Modern Manhattan becomes magnificently medieval at the Cloisters, an outpost of the Metropolitan Museum of Art tucked away in the Fort Tryon Park at the far northern tip of the island. Five cloisters from southern France have been reassembled on a bluff high above the Hudson River, and they are surrounded by atmospheric galleries filled with 5,000 pieces of European art and architecture from the Middle Ages. Each vaulted room and stone-walled corridor reveals another treasure: as you meander you’ll come upon seven wall hangings of the Unicorn Tapestry, a 12th-century monastery chapter house, a Romanesque chapel, the sumptuously illustrated book of hours of the Duc de Berry, ivory crosses, carved portals, and a deck of 15th-century playing cards.
The greatest pleasure is seeking out a corner of one of the cloisters and quietly contemplating the surroundings. An especially peaceful spot is the 13th-century Bonnefont Cloister, from a Cistercian abbey and surrounded by simple columns that were left undecorated in case they should distract the monks from prayer. Beds are shaded by quince trees and planted with more than 400 herbs that surround a beautiful marble well, and the surroundings are not only serene but aromatic.

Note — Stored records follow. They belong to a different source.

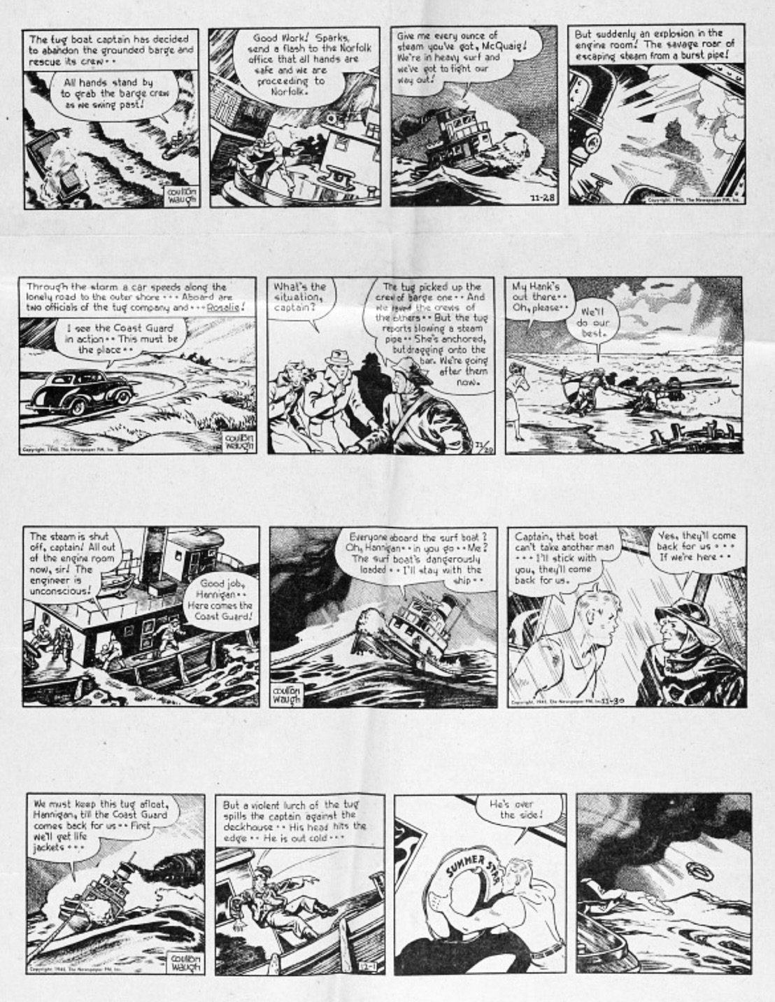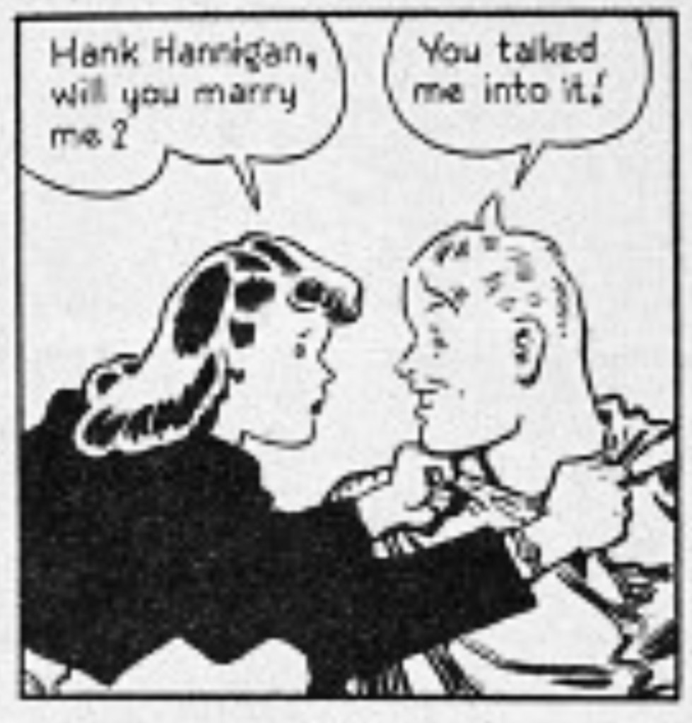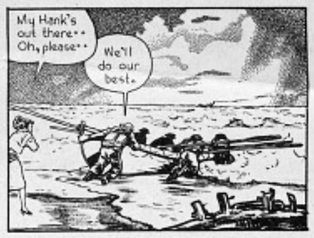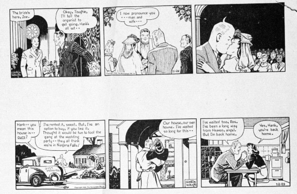 About halfway through Hank’s short run, both Waugh’s ideological flexes and design flourishes settle down along with the storyline. A series of familiar miscommunications, missing communications and misinterpretations send Hank and Rosalie on a twisty journey towards the marriage that ends the strip at the end of December 1945. Believing mistakenly that Rosalie has fallen for a rich rival, Hank takes to sea as a tug boat mate. The ship gets swamped; Hank jumps overboard to save his unconscious Captain; then he himself gets saved from the storm, leading to a romantic reunion and Hank and Rosalie’s hometown marriage in Trueburg, N.J. (Yes, Trueburg). The sequence allows Waugh to exercise an uncharacteristic but beautiful naturalism in rendering the storm. Waugh’s father was a noted marine artist.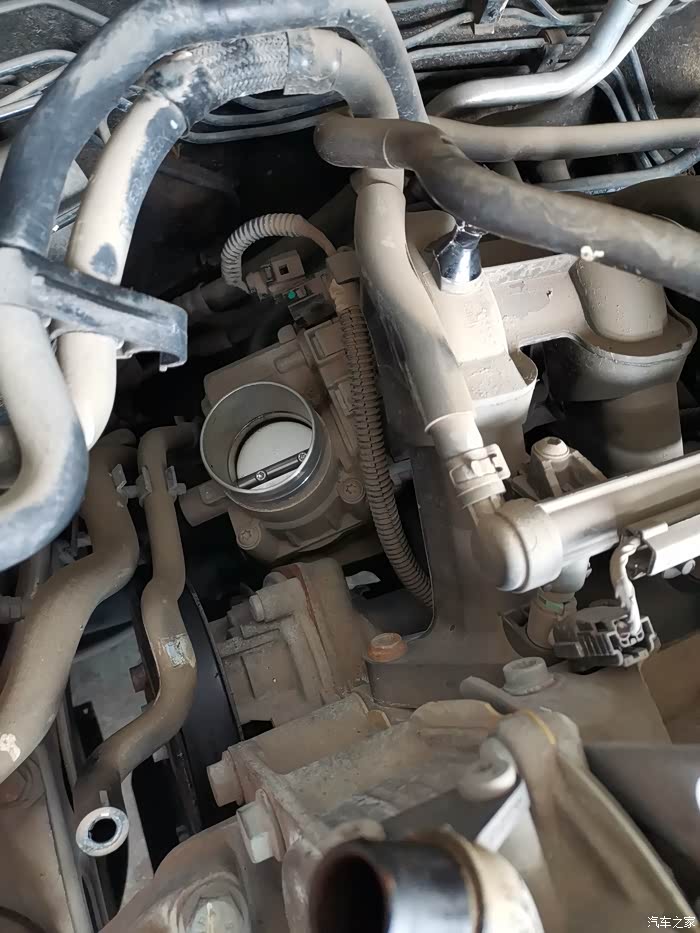 节气门正面不是很脏,背面确实很脏,油泥和积碳之类的东西糊住了。这是节气门背面照片。
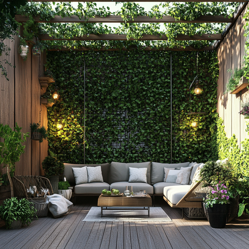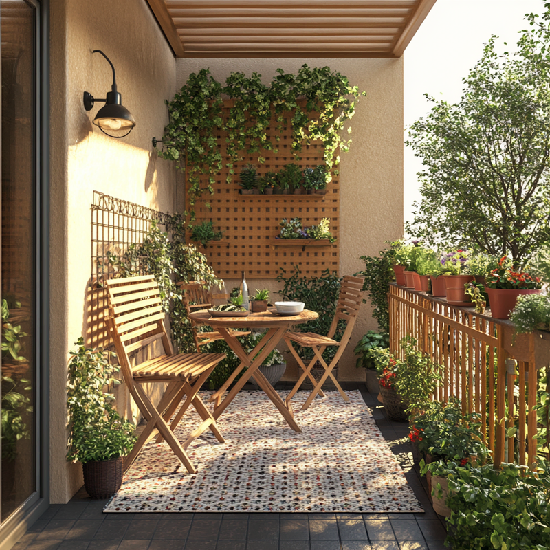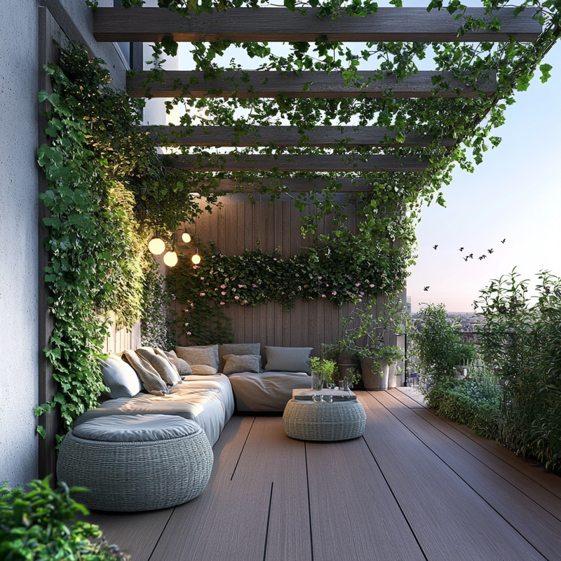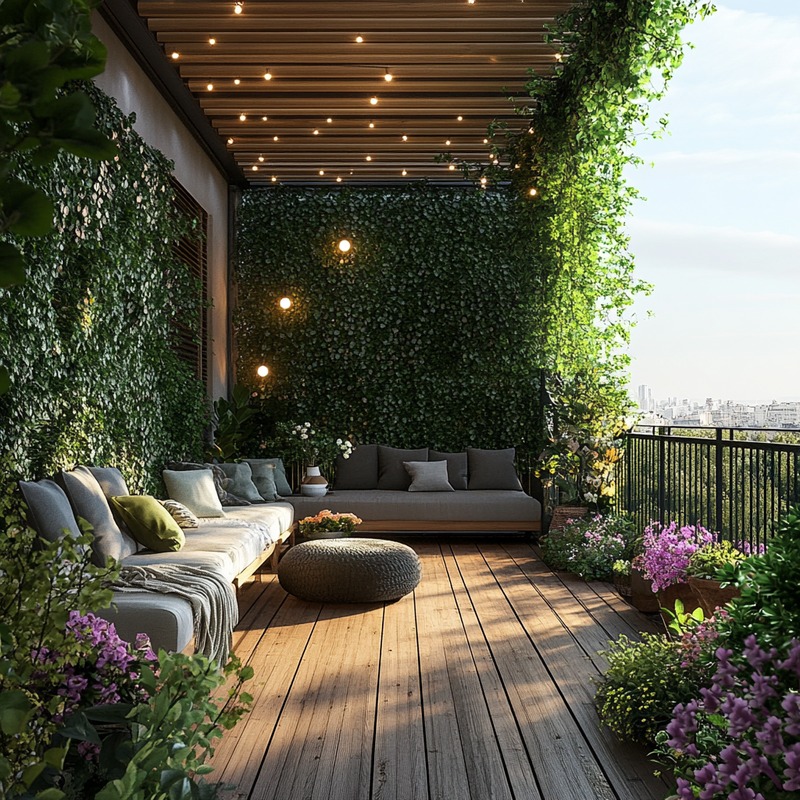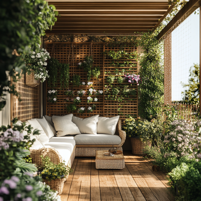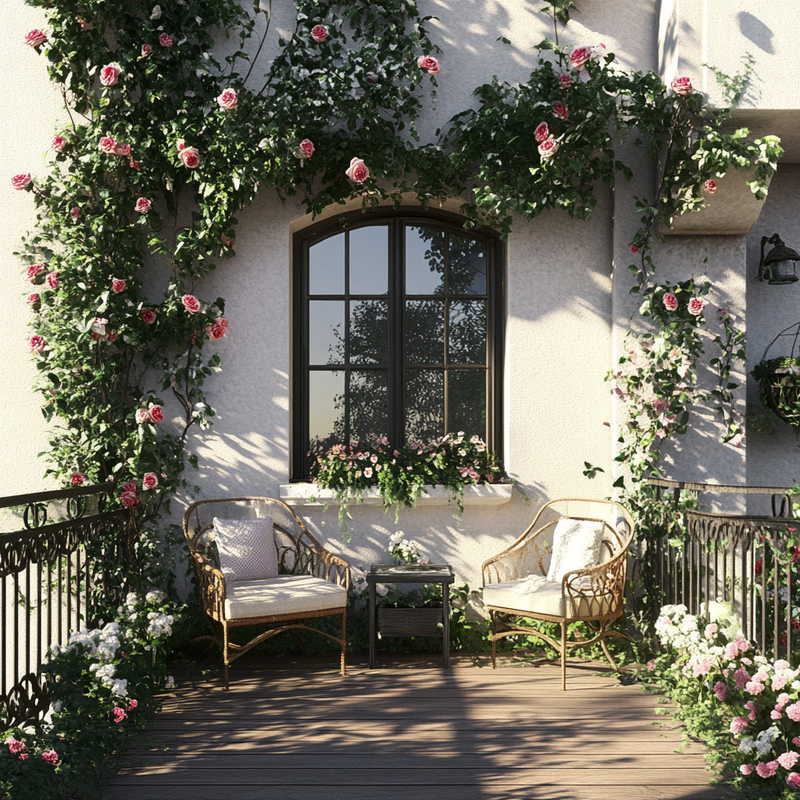 A compact balcony transforms into a lush retreat with vertical gardening techniques. Climbing roses weave through trellises, adding color and fragrance while enhancing privacy screens.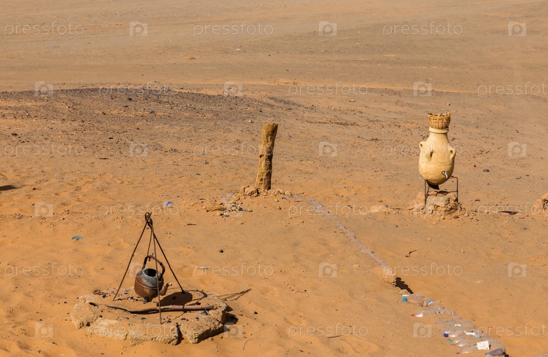 Чайник и кувшин на фоне песка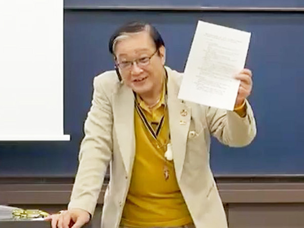 畑山氏からは、「大阪学院大学発 自転車青切符への安全行動啓発活動」をテーマとする課題が提示された。事前学習として、畑山氏が出演された番組『ブラマヨ弾話室 ニッポンどうかしてるぜ』を視聴し、今回の課題テーマである「自転車の交通ルール違反」について理解を深めた。自転車の交通違反に対して、車やオートバイと同様に反則金の納付を通告する、いわゆる「青切符」による取り締まりが2026年4月1日から開始される。たとえば「ながらスマホ運転」は反則金が科される想定であり、飲酒運転などの危険行為も厳しく取り締まられる。畑山氏からの課題は、「この新しいルールを、どのように周知すればよいか」である。自転車は免許がなくても利用できるため、交通法規の理解が十分でない利用者も多い。学生・社会人・高齢者など、すべての自転車利用者に新ルールを理解してもらい、適切な行動につなげることが求められる。また、社会に出れば、アイデアを他者に伝えるスキルは重要である。ぜひこの講義を通じて、プレゼンテーションスキルに磨きをかけてほしい。

When industrialist and philanthropist John D. Rockefeller donated the Cloisters to the city in the 1930s, he threw hundreds of parkland acres across the Hudson River in the New Jersey Palisades into the deal. You will appreciate his foresight when you step out onto the West Terrace and take in the generous sweep of river and greenery, so unspoiled that the medieval surroundings seem remarkably in place.
Fort Tryon Park
The Cloisters is nestled within densely wooded Fort Tryon Park, on high ground that once harbored Weckquaesgeek Indians, Dutch colonialists, and the Continental Army, who established a series of outposts on bluffs they collectively called Fort Washington. More than 8 miles of paths traverse the woods and come to terraces overlooking the Hudson River. As you explore this beautiful and uncrowded park, stop in at the New Leaf Restaurant and Bar (L and D Tue–Sun, tel: 212-568-5323) in a stone building at the park entrance, with a lovely patio.